RECORDS FOR THE TASK
%%
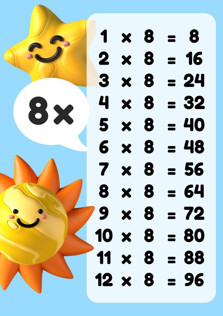 adminMarch 30, 2026Times Table8 Times Table – Learn Multiplication 1 to 12 Home Times Table 8 Times Table – Learn Multiplication 1 to 12 The Times 8 table involves doubling numbers three times. It helps learners recognize patterns in larger numbers and improve mental calculation speed. Use this Times 8 chart to build confidence in handling bigger multiplication facts.
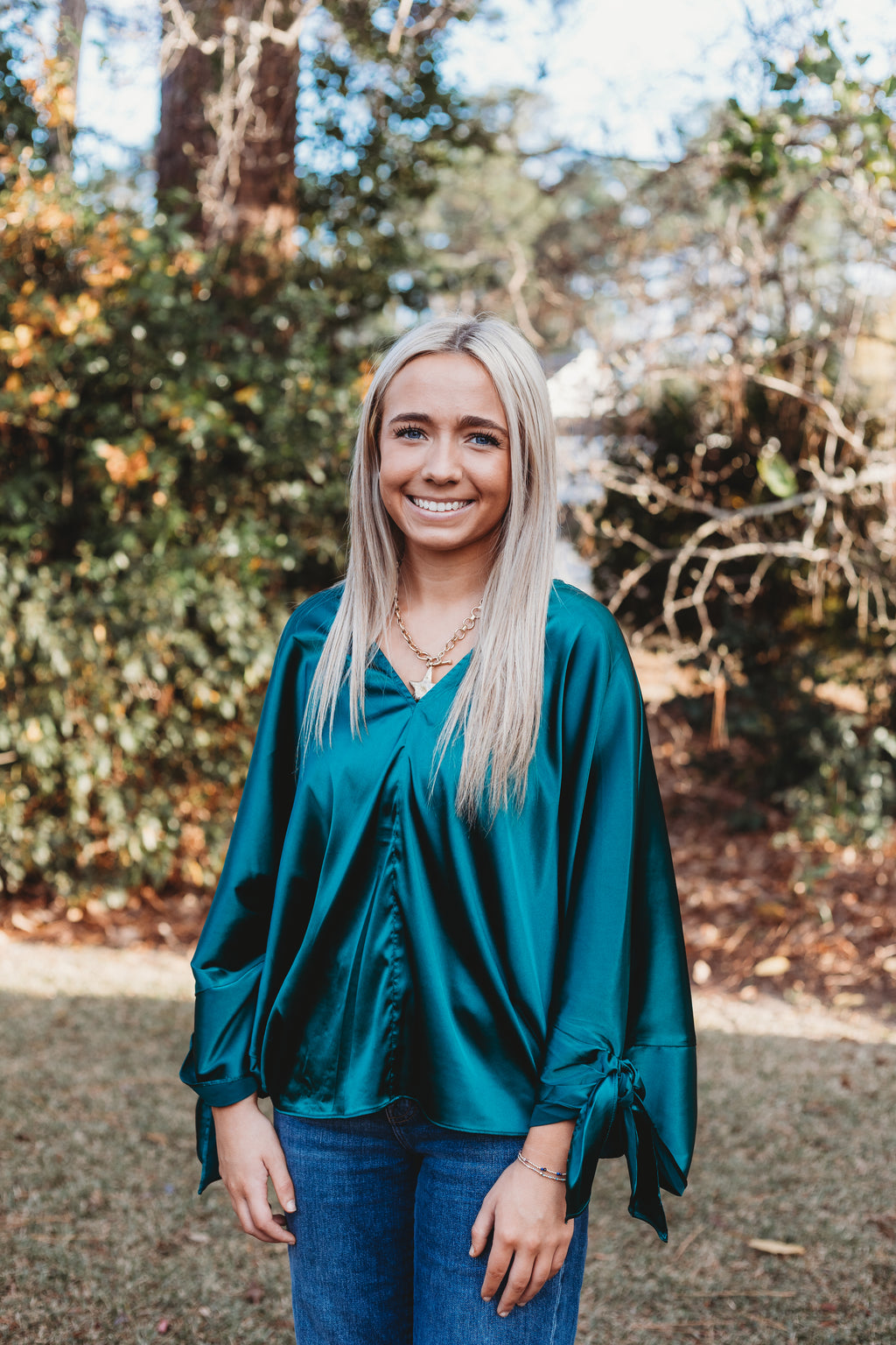 The Candace Satin Tie Blouse
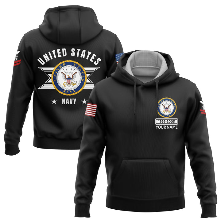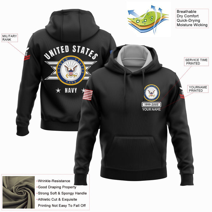 Custom Black U.S Navy Military Rank Name Hoodie
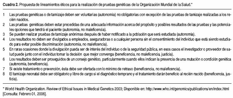 58. World Health Organization. Review of Ethical Issues in Medical Genetics 2003; Disponible en: http://www.who.int/genomics/publications/en/index.html (Consulta: Febrero 01, 2006) [ Links ]
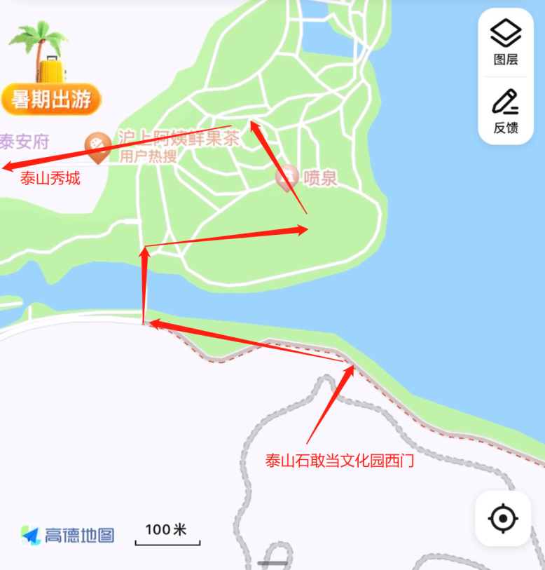 如果您选择自驾或乘车出行,直接导航至“泰山石敢当文化园北停车楼”,经售票处到达检票口。
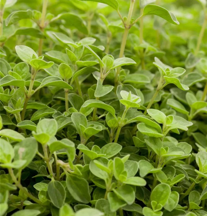 Zum Verzehr geeignet. Die wintergrünen Blätter des Garten-Dosts 'Compactum' sind hellgrün, eiförmig, gewellt. Sie verströmen einen angenehmen Duft. Diese sind etwa 2,5 - 4 cm groß.
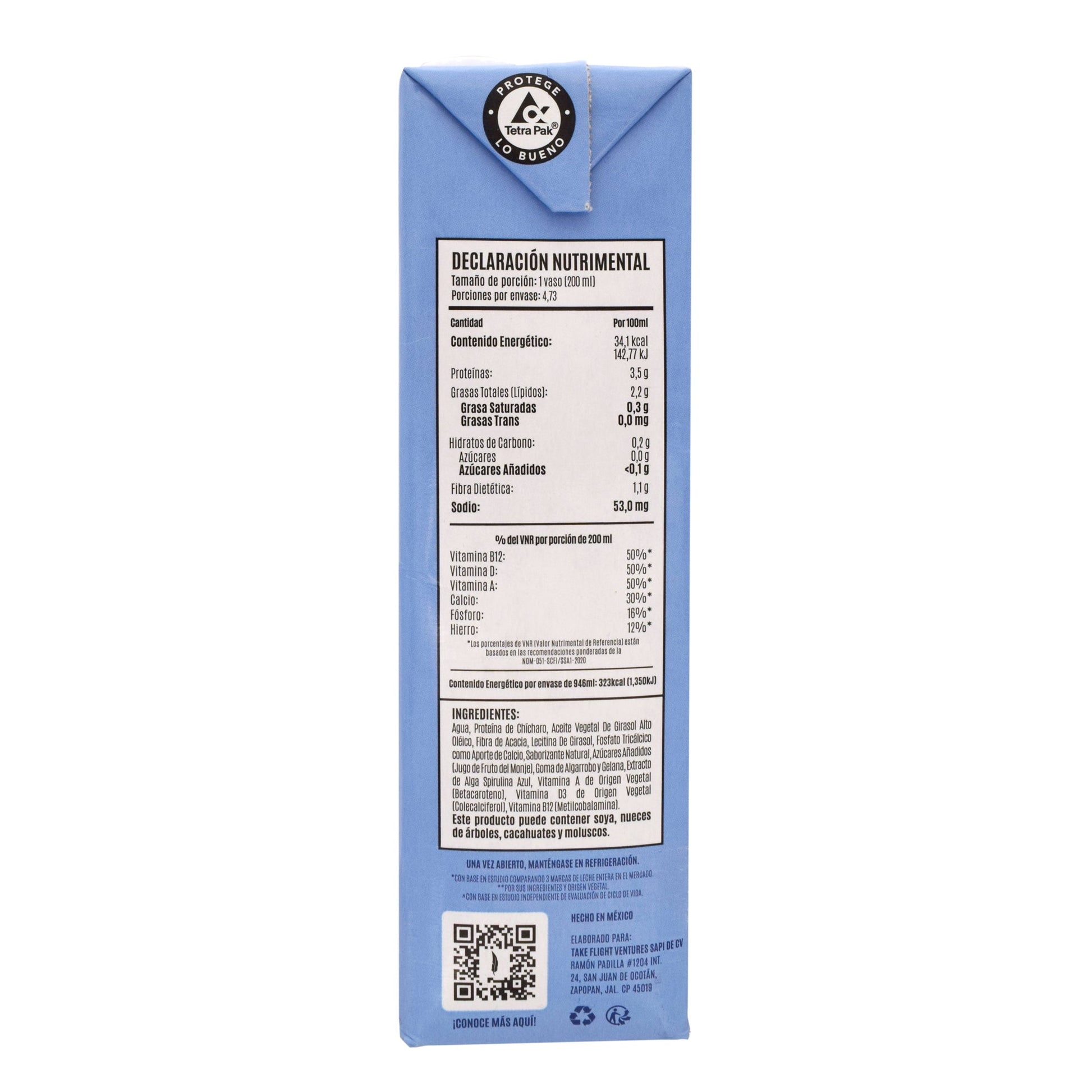 : :Excelente fuente de proteína vegetal, contiene vitaminas A, B12 y D3, libre de lácteos, gluten y soya, sin azíºcar, baja en grasa
%%
WHAT YOU SHOULD DO
What is needed is an exact copy of the lines from the one containing "如果您选择自驾或乘车出行,直" through the last line of the records, with every picture left out.

RESULT OF THIS TASK
 如果您选择自驾或乘车出行,直接导航至“泰山石敢当文化园北停车楼”,经售票处到达检票口。
 Zum Verzehr geeignet. Die wintergrünen Blätter des Garten-Dosts 'Compactum' sind hellgrün, eiförmig, gewellt. Sie verströmen einen angenehmen Duft. Diese sind etwa 2,5 - 4 cm groß.
 : :Excelente fuente de proteína vegetal, contiene vitaminas A, B12 y D3, libre de lácteos, gluten y soya, sin azíºcar, baja en grasa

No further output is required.